Community Work

10/09/2013 16:00

In the Kopan area many dogs are free-roaming, whether individually owned, or community dogs.  A holistic approach, based on the participation of the local people, aims to change attitudes and improve the welfare of all dogs in the community.

 

Assisting with care & treatment

Community Dog Welfare provides practical assistance with care and veterinary treatment for owned and community dogs.  This has built a relationship with the local people and encourages them to care for their dogs and seek help when needed.

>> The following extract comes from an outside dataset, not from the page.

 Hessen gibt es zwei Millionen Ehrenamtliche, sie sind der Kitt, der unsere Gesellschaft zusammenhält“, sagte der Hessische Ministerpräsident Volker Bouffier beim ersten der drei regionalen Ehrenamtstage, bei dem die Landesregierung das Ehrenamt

Local dogs await their anti-rabies vaccination

 

Community Dog Health Programmes

The Community Dog Health Programme aims to improve dog health, control rabies, manage the dog population and promote a healthy safe environment for the community.  The overall goal is to develop awareness and responsibility, on the part of both the community and local government, for the management and well-being of owned and community dogs throughout Kapan VDC.  

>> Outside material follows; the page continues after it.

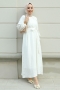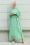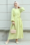 - Ürünümüz dokulu muslin kumaştan üretilmiştir. Boyu ortalama 140cm'dir. Önden yarım düğmelidir. Kolu reglan kol olup, manşetleri lastiklidir. Elbisemiz etek ucuna doğru genişleyerek inmektedir. Seyyar kuşağı bulunmaktadır. Astarsızdır, elbisemizi kumaşından ötürü astarla kullanmanız önerilir. Elbisemizi hassas pamuklu kumaşından ötürü, soğuk su ile elde yıkamanız ve kurutma makinası kullanmadan asarak kurutmanız önerilir. Günlük hayatta rahatlıkla kullanabilirsiniz.

Together with Kapan VDC and Himalayan Animal Rescue Trust (HART), we hold annual dog health programmes, working with the community to build awareness and demonstrate how dog welfare relates to the whole community.  Starting from Payutar, the plan is to progressively cover all wards of Kapan VDC.  There has been a positive response with local people bringing in community dogs as well as their own for treatment.  Ani Gompa and Kopan Gompa bring in their owned dogs and sponsor operations and vaccinations for the local dogs in their vicinity.  

The first programme, held in May 2011, included a household survey and dog census, followed by de-worming, spaying and anti-rabies vaccination in Wards 8 and 9 of Kapan VDC.  Following a request from the VDC, the programme was expanded to include Wards 6 and 7 in May 2012, and Ward 2 in 2013.  The third phase was carried out in April 2013, with the VDC taking over responsibility for the anti-rabies vaccination part of the programme.  

The annual Dog Health Programme caters to all dogs in the community, as many of the owned dogs are also free-roaming and intermingle with the street dogs.  The aim of CDW is to improve the lives of all dogs in the community through the active participation of local people.

 

Dog Health Programme 2013

The third phase of the programme took place in April 2013.  Working with the local people, in collaboration with Kapan VDC and the Himalayan Animal Rescue Trust (HART), the programme extended from Wards 6, 7, 8 and 9 covered last year, to include Ward 2.  An awareness campaign was followed by a household survey, carried out on Saturday 6 April by 30 Class 9 students from Shree Yagyamati Secondary School, Payutar and Shree Gram Shichya Mandir High School, Kapan.  These activities informed the households, recorded both owned and community dogs and gave people the opportunity to register their dogs for treatment.  All community dogs were recorded and females identified for spaying. 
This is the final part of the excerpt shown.